We conducted five MR methods, including inverse variance weighted (IVW), MR-Egger, weighted median, simple mode weighted mode to investigate whether potential causality between statin therapy and NICM exist. Effect size estimates (beta) and standard errors (SEs) for SNP-exposure and SNP-outcome associations from independent samples are used to estimate the causal exposure-outcome association. All MR studies rely on 3 basic assumptions as described in previous studies (11). Each instrumental variable (IV) was constructed from SNPs showing GWAS significant association (P<5×10^–8) with the respective trait. All included SNPs were independent with the linkage disequilibrium (r2=0.001, kb=10,000). Palindromic SNPs with intermediate allele frequencies were removed during analyses. Leave-one-out analysis was applied to estimate the effect of one single SNP. Heterogeneity between IVs was tested using the Cochran’s Q statistic. MR-Egger intercept test was used to examine any possible horizontal pleiotropic effects.

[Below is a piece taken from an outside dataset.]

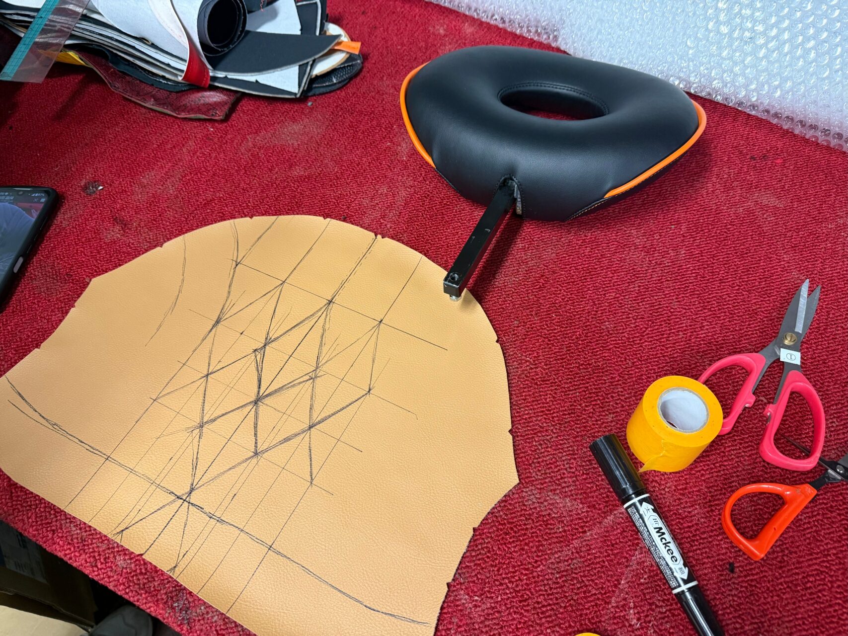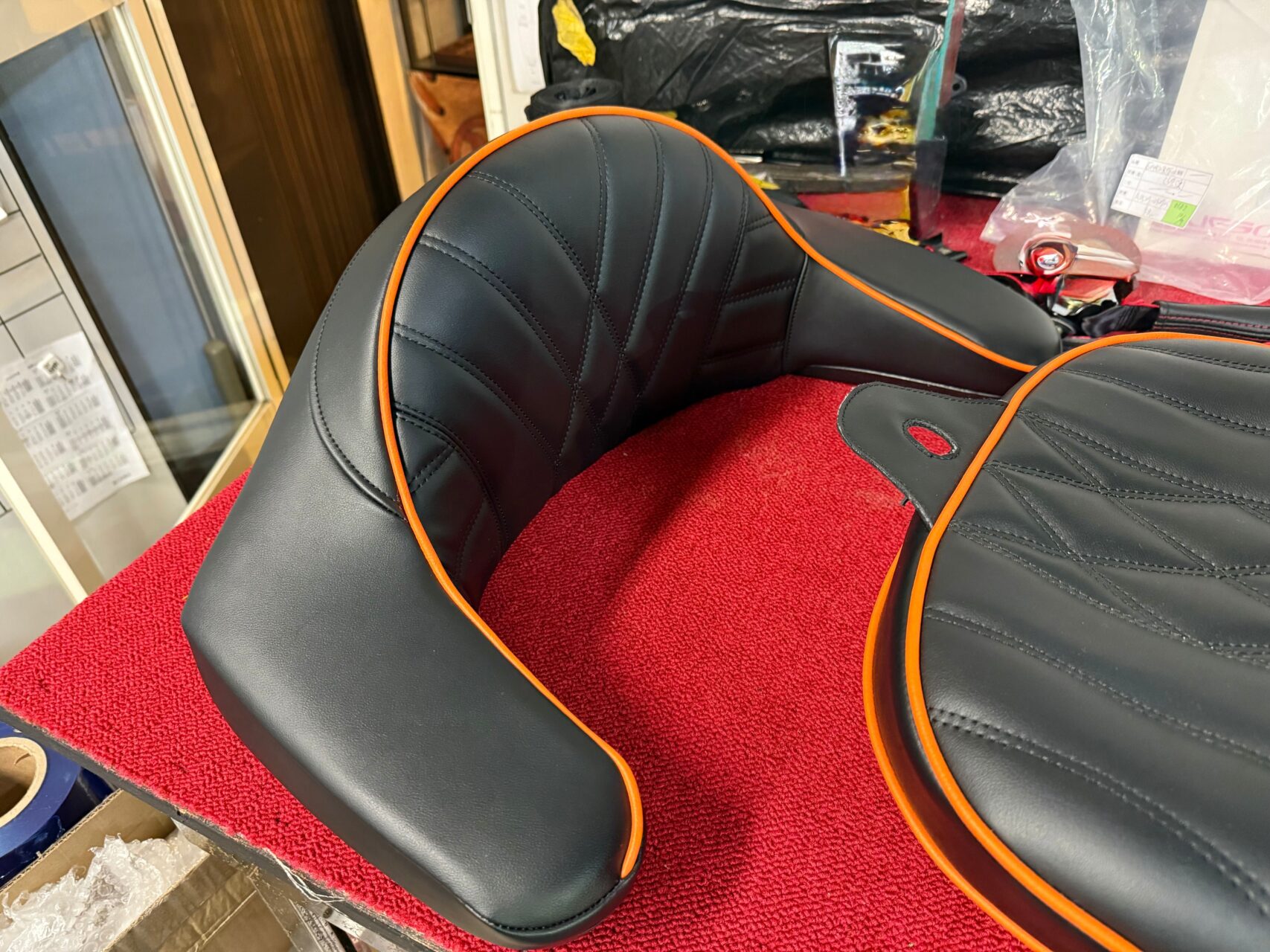 ご存じのようにシートって三次局面で出来ている物なので、ステッチの繋がりが難しく、どのような角度で繋がって行くかを頭の中で計算してデザインして行かなければ成りません、これはもう匠の世界に成りますね(*´▽`*)

All statistical analyses were performed using R version 4.1.2 or Stata 15.1 (StataCorp/SE, College Station, TX). “TwoSampleMR” R package was used for MR analyses (15).

Population-based cohort

Finally, a total of 372 patients were included in the population-based cohort, with 44%(164/372) reported as statin users and the remaining 56% (208/372) as non-users. As summarized in Table 1, statin users were less likely to be male (47.60% vs 32.93%, P=0.004), had higher proportion of hypertension (83.57% vs 91.46%, P=0.03) and diabetes (35.27% vs 53.05%, P=0.001), higher BMI (27.62 vs 30.11 kg/m2, p=0.004) but lower BNP (958 vs 1432 pg/ml, P=0.01) and a trend of higher baseline ejection fraction (30.6% vs 27.7%, P=0.15).

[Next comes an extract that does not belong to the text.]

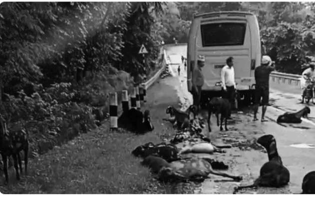 स्कूल बसको ठक्कर बाट एक युवक सहित १८ बाख्रा मरे

Overall, the 28-day and 1-year mortality rate of the studied patients were 5.11% (19/372) and 27.96% (104/372), respectively. Compared to non-users, statin users had lower risk of death (1.22% vs 8.17% for 28-day; 25.61% vs 29.81% for 1-year). The Kaplan-Mirer survival curves also suggested that statin users had better 28-day (Log-rank test P=0.002) and 1-year survival than non-users (Log-rank test P=0.26) (Figure 1).

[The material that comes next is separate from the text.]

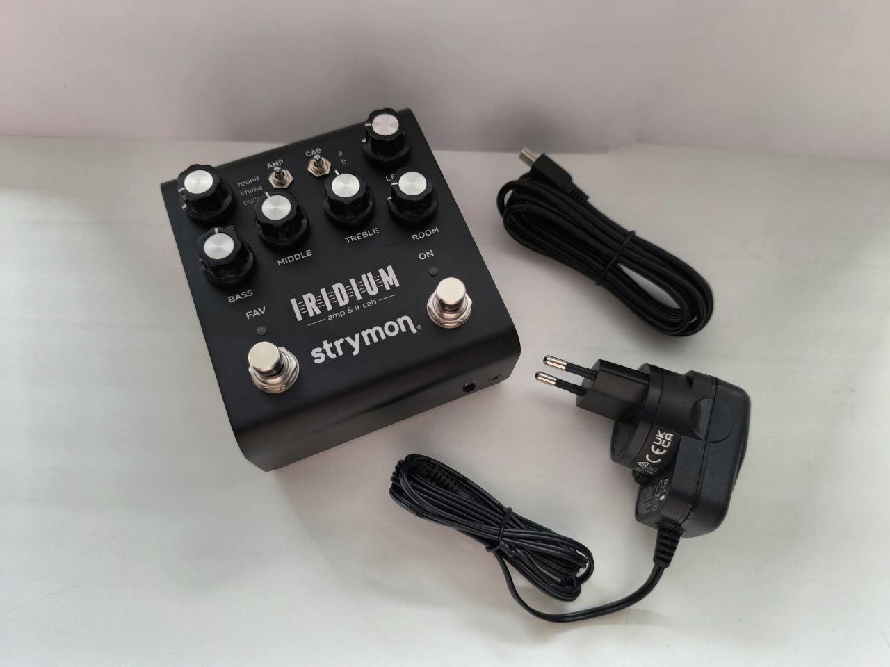 Strymon Iridium - эмулятор гитарных усилителей и кабинетов с поддержкой импульсов 24 бит/96кГц 500 мс – впервые в формате отдельного устройства. Matrix-моделирование трех усилителей: Fender Deluxe, Vox AC30TB, Marshall Plexi Super Lead. Доступ к четырём пресетам (плюс 3 пресета на кнопке FAV) с помощью Strymon Multiswitch, или к 300-м пресетам по MIDI. 9 встроенных IR кабинетов. Загрузка своих импульсов по USB через Strymon Implulse Manager.
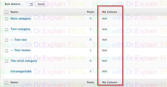 Tùy biến hiển thị trang liệt kê category bằng cách hiển thị thêm giá trị trường vào cột mới. Tạo hàm với hook thêm cột mới và hook còn lại để hiển thị giá trị của cột như sau:

Likewise, in logistic regression analysis (Table 2), statin use was associated with lower risk of 28-day mortality (OR 0.14, P=0.009). The results remained consistent when adjusted for potential confounders (OR 0.10, P=0.03). Similar findings were observed for the 1-year mortality outcome. Compared to non-users, statins users had 19% and 17% lower risk of 1-year mortality in the non-adjusted (OR 0.81, P=0.37) and adjusted models (OR 0.83%, P=0.50).

Mendelian Randomization Analysis

Associations for individual SNPs for the exposure traits (atorvastatin, rusovastatin and simvastatin) are presented in supplemental Table S1/S2/S3. After removing one palindromic SNP (rs10738606), 20 were remaining for use in the Atorvastatin-NICM MR analyses. 6 SNPs were used for rusovastatin-NICM and 34 for simvastatin-NICM MR analyses. Table 3 shows causal-effect estimates of statin use on NICM from MR analyses. Estimates were concordant and similar in size in all MR methods, supporting a protective effect of statin use against NICM.

Figure 2 shows scatter plots of the SNP-outcome associations against the SNP-statins associations, allowing visualization of the causal effect estimate for each individual SNP on NICM. The leave-one-out analysis suggested that the observed result was not the effect of a single SNP (supplemental Figure S1). The Cochran’s Q test in the IVW and MR-Egger method (all P values >0.05) suggested no evidence of heterogeneity in the IVs. MR-Egger test suggested no sign of directional pleiotropy in our analysis (P values of MR-Egger intercept: P=0.12 for atorvastatin, 0.92 for rusovastin, 0.05 for simvastatin).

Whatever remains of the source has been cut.